Question

sin ax = ax - a^3 x^3/3! + a^5 x^5/5! - ... + a^n-1 x^n-1/n-1! sin(n-1)π/2 + a^n x^n/n! sin (nπ/2+a theta x),0<theta<1 by use maclaurin's theorem​

Answer 1

Answer:

This can be simplified to:

$\sin(ax) = \sum_{n=0}^\infty \frac{(-1)^{n+1} a^{2n+1}}{(2n+1)!} x^{2n+1} + \sum_{n=0}^\infty \frac{(-1)^{n} a^{2n+2}}{(2n+2)!} x^{2n+2} (-1)^{\frac{n}{2}}$

Grouping the terms with even and odd exponents together, we get:

Step-by-step explanation:

We can use Maclaurin's theorem to expand the function$\sin(ax)$ as a power series:

$\sin(ax) = \sum_{n=0}^\infty \frac{f^{(n)}(0)}{n!} x^n$

where $f(x) = \sin(ax)$ and $f^{(n)}(x)$ denotes the $n$ th derivative of $f(x)$ with respect to $x$.

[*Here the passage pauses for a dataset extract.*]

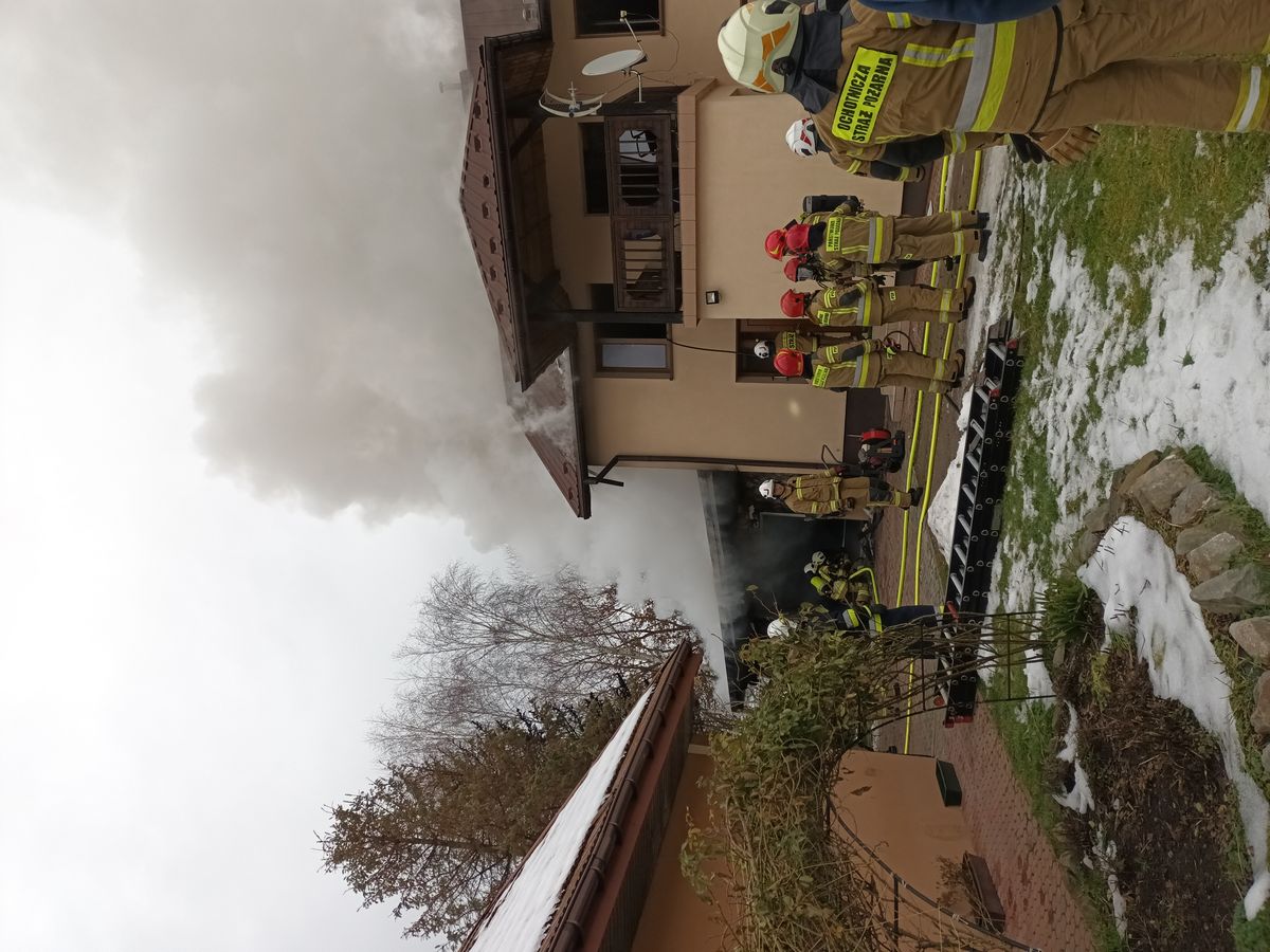 16 grudnia o godzinie 9.11 zastępy z JRG nr 2 w Nowym Sączu, OSP Gaboń, OSP Gołkowice Górne oraz OSP Kadcza zadysponowane zostały do działań w Gaboniu. Po przybyciu na miejsce pożaru ustalono, że pożarem objęty był garaż przylegający do budynku mieszkalnego jednorodzinnego. Pożarem objęty był cały garaż a ogień rozprzestrzeniał się w kierunku dachu budynku mieszkalnego. Mieszkanka opuściła obiekt przed przyjazdem straży pożarnej. Instalacja gazowa i elektryczna została odłączona. Działania strażaków polegały na zabezpieczeniu miejsca zdarzenia oraz podaniu prądów gaśniczych na palący się garaż. Wprowadzono strażaków z linią gaśniczą na poddasze budynku mieszkalnego w celu likwidacji zarzewi ognia na drewnianej konstrukcji dachu. Przeprowadzono prace rozbiórkowe części konstrukcji dachu garażu oraz budynku mieszkalnego w celu dogaszenia pożaru. Wodę do celów pożarowych dowożono pojazdami pożarniczymi z hydrantu. Pogorzelisko na bieżąco sprawdzano kamerą termowizyjną a pomieszczenia budynku miernikami wielogazowymi. Po zakończeniu działań gaśniczych na miejscu pozostał zastęp OSP Gaboń, który zabezpieczył rozebraną część dachu. Działania strażaków trwały ponad trzy godziny. Przyczyna pożaru jest nieustalona.

To find the derivatives of $f(x)$, we can use the chain rule:

$f'(x) = a \cos(ax)$

$f''(x) = -a^2 \sin(ax)$

$f'''(x) = -a^3 \cos(ax)$

$\vdots$

$f^{(n)}(x) = (-1)^{n+1} a^n \sin(ax)$

Note that the derivatives of $\sin(ax)$ alternate between $\sin(ax)$ and $\cos(ax)$, with a factor of $a^n$ and a sign of $(-1)^{n+1}$.

Now, we can substitute these derivatives into the power series expansion of $\sin(ax)$to get:

$\sin(ax) = \sum_{n=0}^\infty \frac{(-1)^{n+1} a^n \sin(0)}{n!} x^n = \sum_{n=0}^\infty \frac{(-1)^{n+1} a^n}{n!} x^n$

Simplifying this expression, we get:

$\sin(ax) = \sum_{n=0}^\infty \frac{(-1)^{n+1} a^{2n+1}}{(2n+1)!} x^{2n+1}$

Next, we can use the identity $\sin(\frac{\pi}{2} + \theta) = \cos(\theta)$ to rewrite$\sin((n-1)\pi/2)$ as $\cos((n-1)\pi/2 - \frac{\pi}{2})$, which simplifies to $(-1)^{n/2}$.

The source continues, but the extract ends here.